On Thu Jun 9, 2022 at 11:57 AM EDT, David G. Johnston wrote:
> Reposting this to its own thread.
>
> https://www.postgresql.org/message-id/flat/CAKFQuwby1aMsJDMeibaBaohgoaZhivAo4WcqHC1%3D9-GDZ3TSng%40mail.gmail.com
>
> doc: make unique non-null join selectivity example match the prose
>
> The description of the computation for the unique, non-null,
> join selectivity describes a division by the maximum of two values,
> while the example shows a multiplication by their reciprocal. While
> equivalent the max phrasing is easier to understand; which seems
> more important here than precisely adhering to the formula used
> in the code (for which either variant is still an approximation).
>
> While both num_distinct and num_rows are equal for a unique column
> both the concept and formula use row count (10,000) and the
> field num_distinct has already been set to mean the specific value
> present in the pg_stats table (i.e, -1), so use num_rows here.
Pointing out that n_distinct = -1 is helpful but changing "because" to
"and" suggests that the missing MCV info is coincidental or a side
effect.

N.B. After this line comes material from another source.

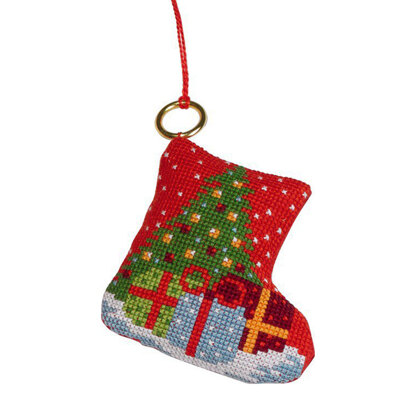 Permin Christmas Stocking Ornament Cross Stitch Kit - 7cm x 8cm

Is there any case in which the stronger "because" wouldn't be
appropriate?
The second parenthetical (num_rows, not shown, but "tenk") took me a
minute to get since the row counts are only apparent on looking somewhat
closely at the other examples in the chapter. num_rows also isn't a
column in pg_stats which the "not shown" could be taken to imply; it's
sourced from somewhere else and only given as num_rows in this example.
How's '(as num_rowsN, 10,000 for both "tenk" example tables)'?
By "this value does get scaled in the non-unique case" do you mean it
relies on n_distinct as in the uncorrected algorithm listing? If so I
think it'd help to specify that.
You didn't take this line on but "This is, subtract the null
fraction..." omits the step of multiplying the complements of the null
fractions together before dividing.
Should n_distinct and num_rows be <structname>d in the text?